Excerpted records:
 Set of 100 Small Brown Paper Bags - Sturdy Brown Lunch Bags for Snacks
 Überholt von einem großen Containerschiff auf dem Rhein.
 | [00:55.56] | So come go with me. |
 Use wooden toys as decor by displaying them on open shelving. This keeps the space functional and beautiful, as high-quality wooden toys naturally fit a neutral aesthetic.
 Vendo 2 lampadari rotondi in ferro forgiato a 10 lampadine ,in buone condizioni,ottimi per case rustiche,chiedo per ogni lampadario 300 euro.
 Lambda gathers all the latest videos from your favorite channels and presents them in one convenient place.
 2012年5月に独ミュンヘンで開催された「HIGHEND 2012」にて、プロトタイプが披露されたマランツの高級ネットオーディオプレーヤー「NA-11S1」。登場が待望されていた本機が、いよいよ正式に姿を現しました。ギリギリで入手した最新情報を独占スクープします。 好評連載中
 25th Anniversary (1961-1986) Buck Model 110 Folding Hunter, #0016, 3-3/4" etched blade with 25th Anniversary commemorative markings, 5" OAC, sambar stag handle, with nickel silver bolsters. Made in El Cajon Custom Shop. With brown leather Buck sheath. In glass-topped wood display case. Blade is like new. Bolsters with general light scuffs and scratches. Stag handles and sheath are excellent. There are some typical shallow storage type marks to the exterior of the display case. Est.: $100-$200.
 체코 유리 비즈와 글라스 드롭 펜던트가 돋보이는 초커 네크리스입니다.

--

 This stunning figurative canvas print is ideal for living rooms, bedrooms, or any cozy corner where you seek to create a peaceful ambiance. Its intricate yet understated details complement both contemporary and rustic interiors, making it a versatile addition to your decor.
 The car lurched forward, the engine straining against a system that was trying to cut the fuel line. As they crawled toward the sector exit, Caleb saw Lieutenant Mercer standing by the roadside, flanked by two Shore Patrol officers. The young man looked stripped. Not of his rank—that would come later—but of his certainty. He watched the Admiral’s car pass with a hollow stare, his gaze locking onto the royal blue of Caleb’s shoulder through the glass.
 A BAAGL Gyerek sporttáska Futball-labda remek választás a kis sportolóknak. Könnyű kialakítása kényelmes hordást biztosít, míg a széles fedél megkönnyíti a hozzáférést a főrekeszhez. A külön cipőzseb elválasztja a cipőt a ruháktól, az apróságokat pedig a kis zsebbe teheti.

Exercise directions:
Starting with the line above that holds "Überholt von einem" and stopping with the line that holds "Vendo 2 lampadari", reproduce each line exactly, omitting all other lines.

Written reply:
 Überholt von einem großen Containerschiff auf dem Rhein.
 | [00:55.56] | So come go with me. |
 Use wooden toys as decor by displaying them on open shelving. This keeps the space functional and beautiful, as high-quality wooden toys naturally fit a neutral aesthetic.
 Vendo 2 lampadari rotondi in ferro forgiato a 10 lampadine ,in buone condizioni,ottimi per case rustiche,chiedo per ogni lampadario 300 euro.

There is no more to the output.